* _What is needed_
Skip the pictures. Output only the lines below starting at the line with "工人们进行党参分拣、切片" and ending at the line with "- Lesugiatelier - Shirred", both ends included, exactly as they are.

* _Data provided_
◆ ◆ ◆
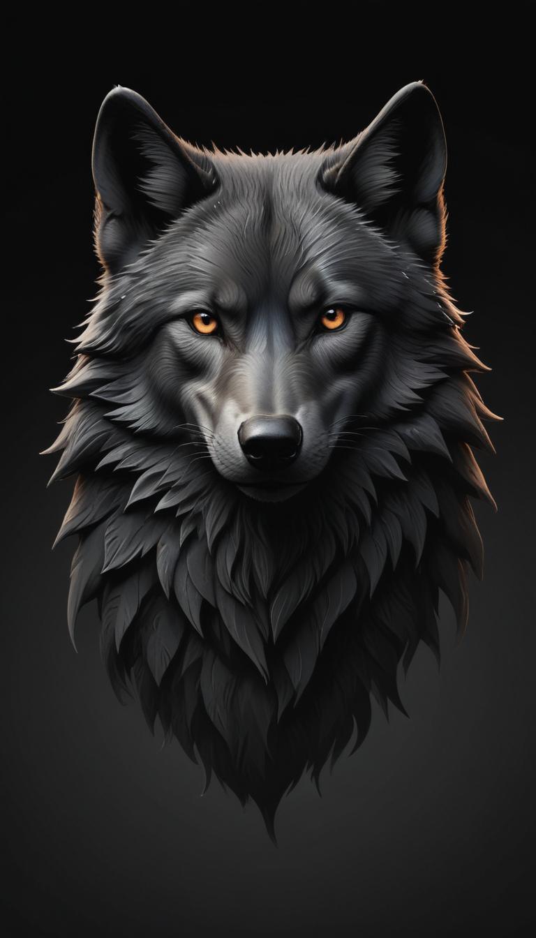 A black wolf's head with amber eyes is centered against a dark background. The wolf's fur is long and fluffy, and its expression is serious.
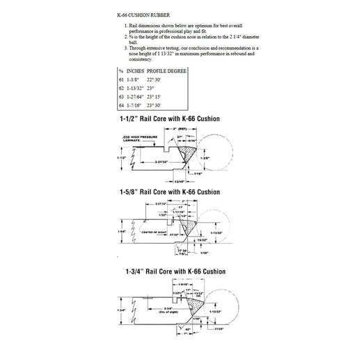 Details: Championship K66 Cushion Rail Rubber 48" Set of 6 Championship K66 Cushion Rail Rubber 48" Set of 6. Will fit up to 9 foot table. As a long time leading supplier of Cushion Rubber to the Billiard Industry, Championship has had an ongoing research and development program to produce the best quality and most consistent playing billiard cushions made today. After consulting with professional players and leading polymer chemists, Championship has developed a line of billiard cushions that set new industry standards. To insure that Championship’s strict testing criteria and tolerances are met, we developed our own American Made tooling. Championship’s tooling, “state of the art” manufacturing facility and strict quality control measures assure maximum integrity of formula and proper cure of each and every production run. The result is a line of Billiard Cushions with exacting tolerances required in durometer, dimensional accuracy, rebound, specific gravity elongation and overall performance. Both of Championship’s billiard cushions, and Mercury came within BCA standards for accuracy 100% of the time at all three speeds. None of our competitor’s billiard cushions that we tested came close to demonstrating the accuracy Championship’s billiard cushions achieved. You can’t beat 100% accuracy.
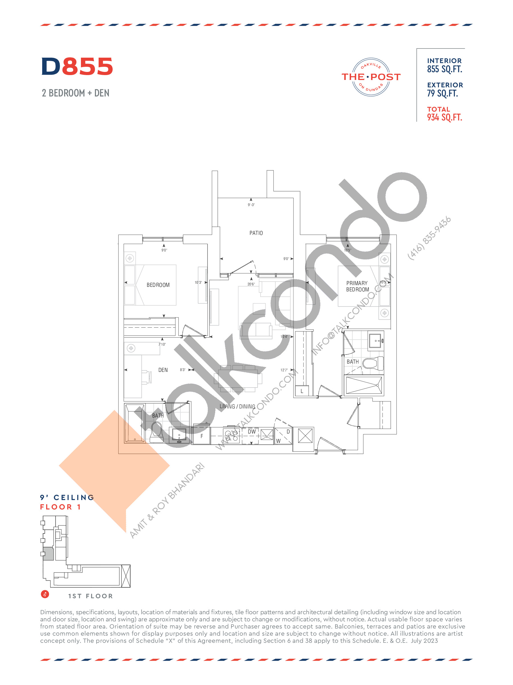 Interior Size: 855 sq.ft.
◆ ◆ ◆
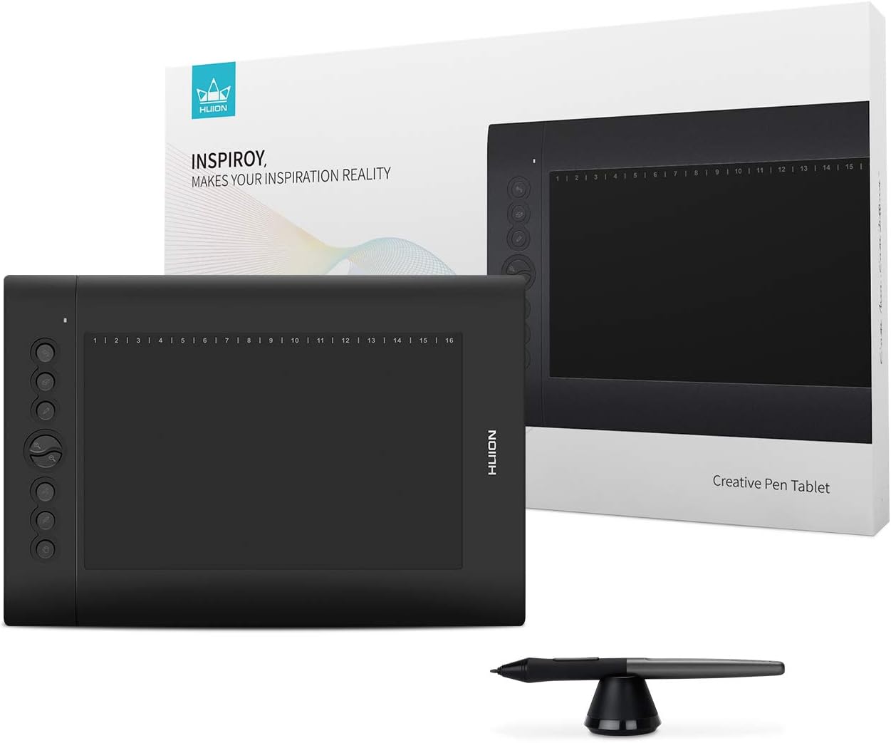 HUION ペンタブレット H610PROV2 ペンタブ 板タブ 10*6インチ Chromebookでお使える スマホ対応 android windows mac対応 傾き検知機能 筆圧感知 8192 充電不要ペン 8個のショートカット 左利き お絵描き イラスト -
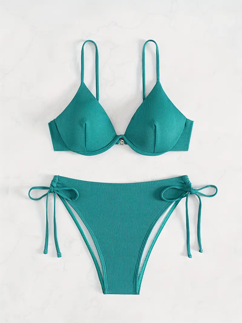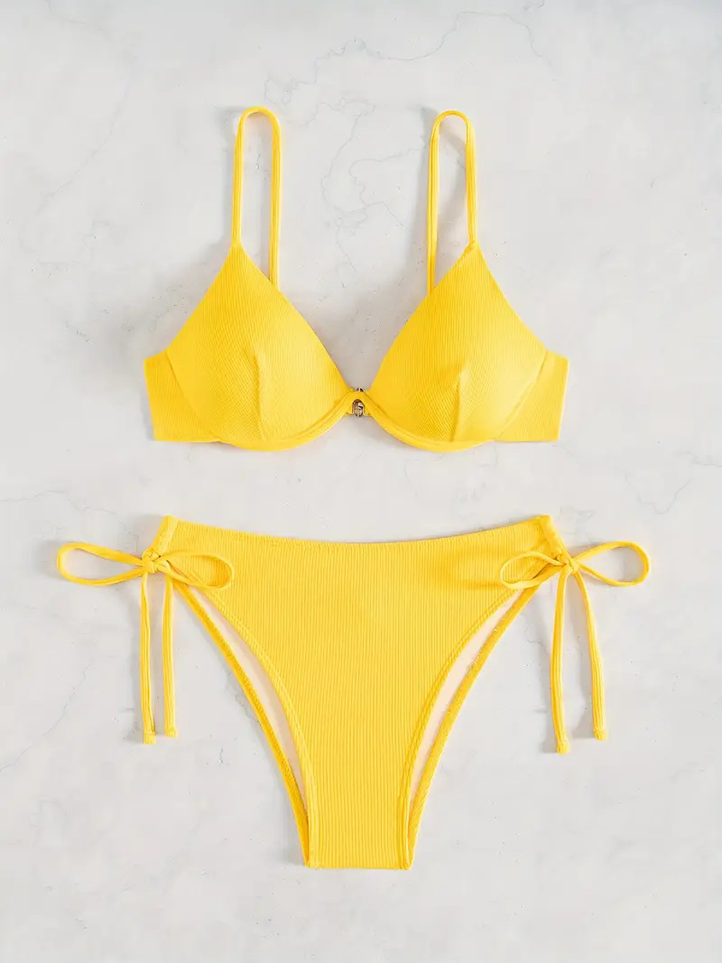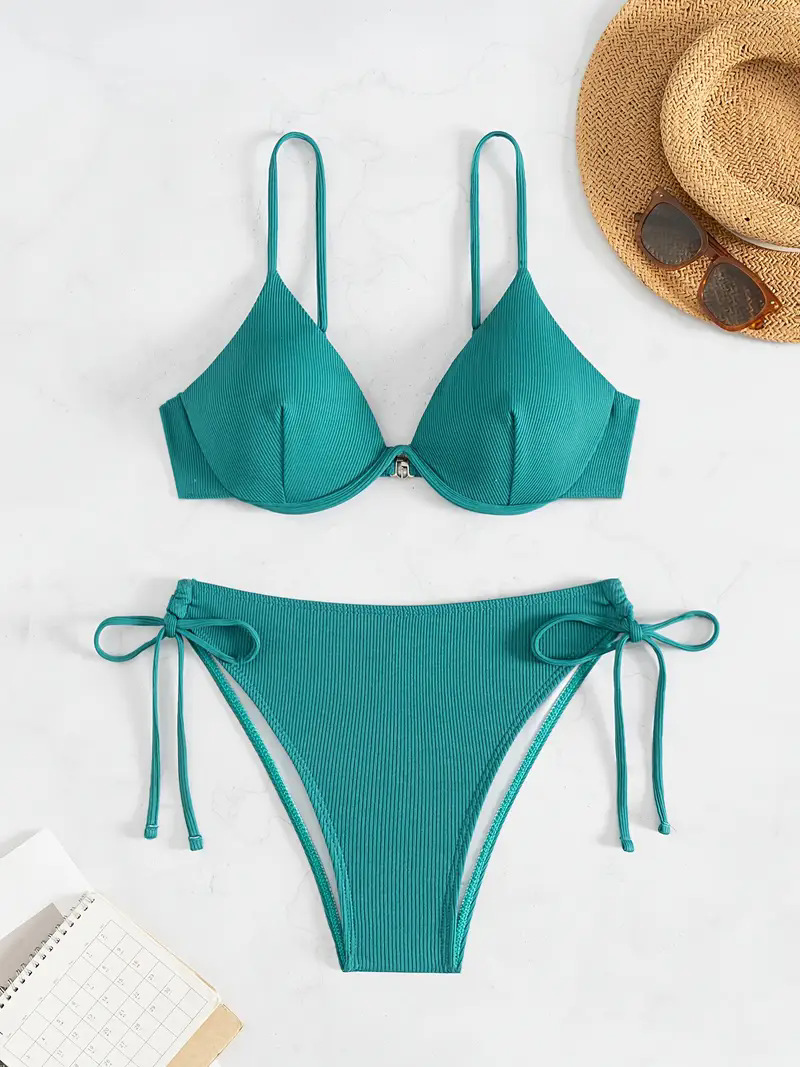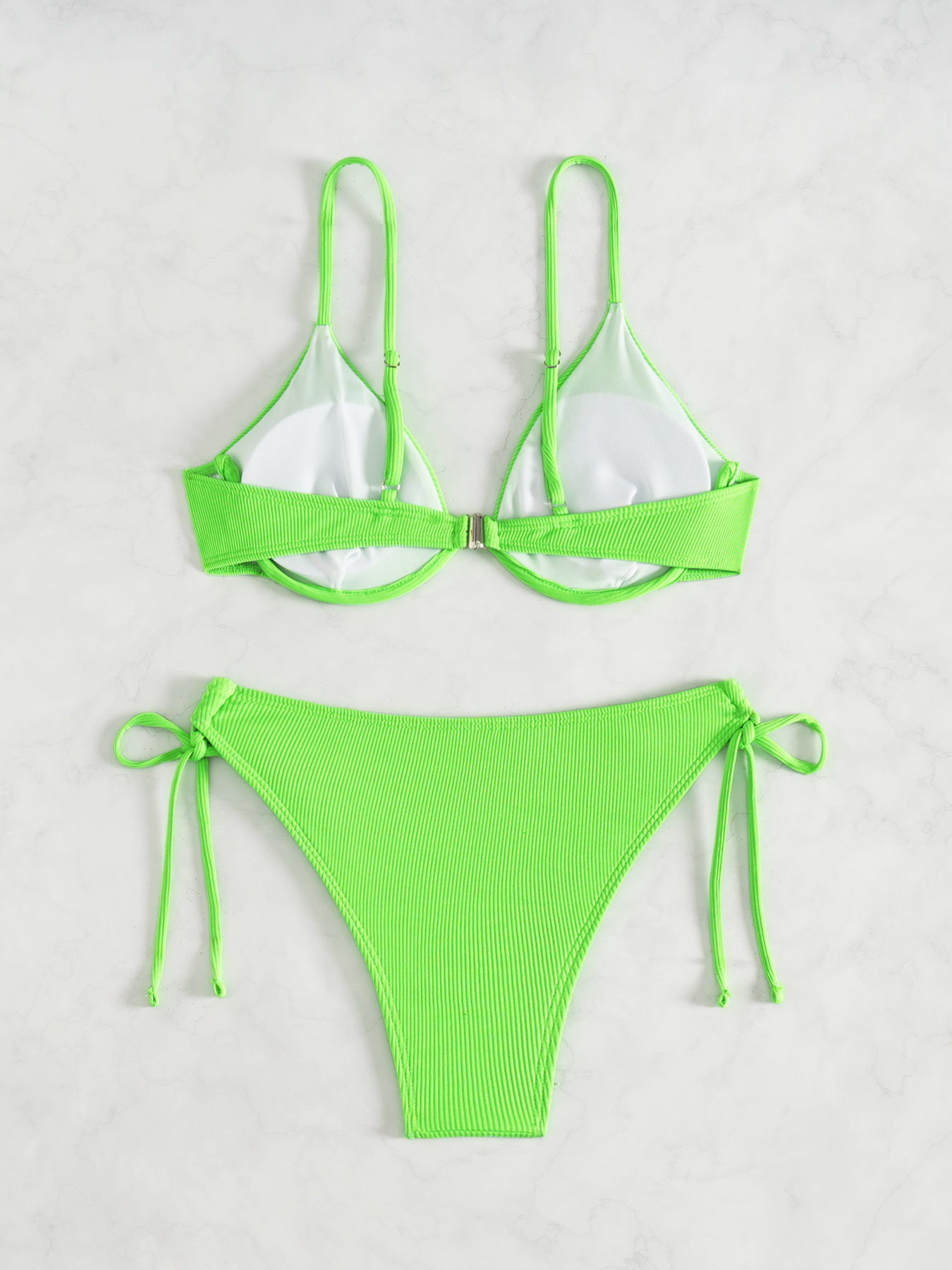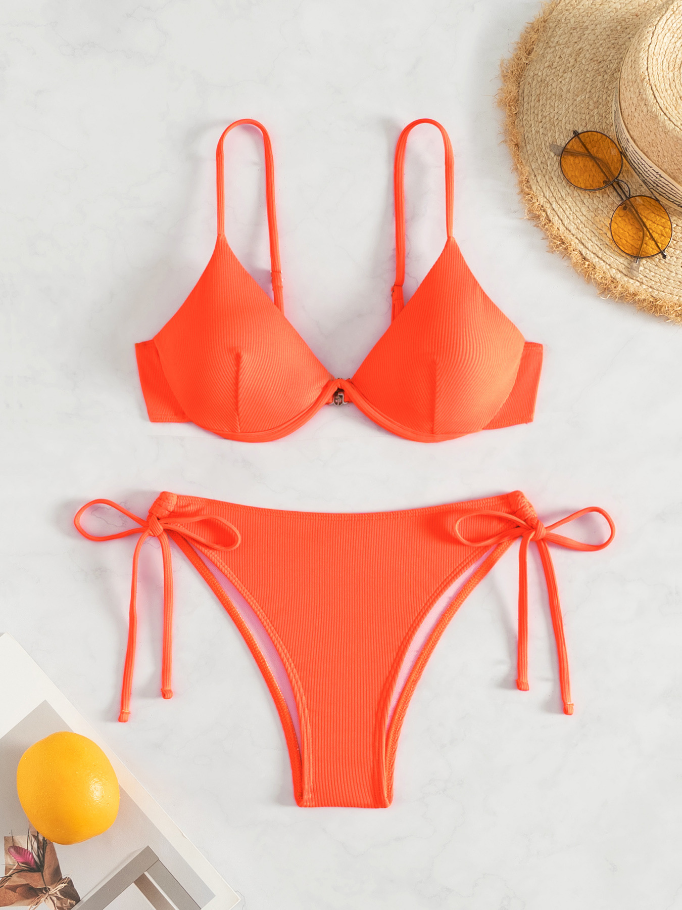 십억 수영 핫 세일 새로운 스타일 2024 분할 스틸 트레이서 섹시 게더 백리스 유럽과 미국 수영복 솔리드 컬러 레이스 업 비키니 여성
◆ ◆ ◆
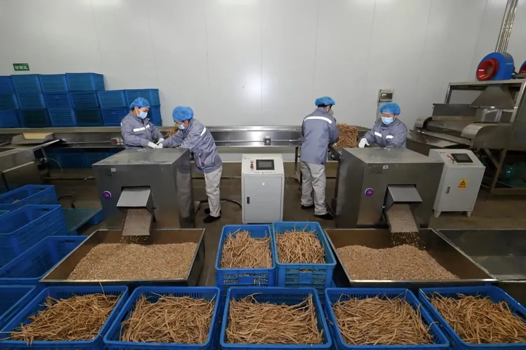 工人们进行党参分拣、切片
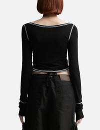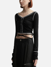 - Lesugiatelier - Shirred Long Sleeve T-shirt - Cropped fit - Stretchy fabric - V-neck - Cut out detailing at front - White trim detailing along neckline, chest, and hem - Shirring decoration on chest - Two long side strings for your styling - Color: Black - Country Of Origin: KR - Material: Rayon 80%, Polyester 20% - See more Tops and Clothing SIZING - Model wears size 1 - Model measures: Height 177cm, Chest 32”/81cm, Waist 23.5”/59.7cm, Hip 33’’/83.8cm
◆ ◆ ◆
* _Exercise response_
 工人们进行党参分拣、切片
 - Lesugiatelier - Shirred Long Sleeve T-shirt - Cropped fit - Stretchy fabric - V-neck - Cut out detailing at front - White trim detailing along neckline, chest, and hem - Shirring decoration on chest - Two long side strings for your styling - Color: Black - Country Of Origin: KR - Material: Rayon 80%, Polyester 20% - See more Tops and Clothing SIZING - Model wears size 1 - Model measures: Height 177cm, Chest 32”/81cm, Waist 23.5”/59.7cm, Hip 33’’/83.8cm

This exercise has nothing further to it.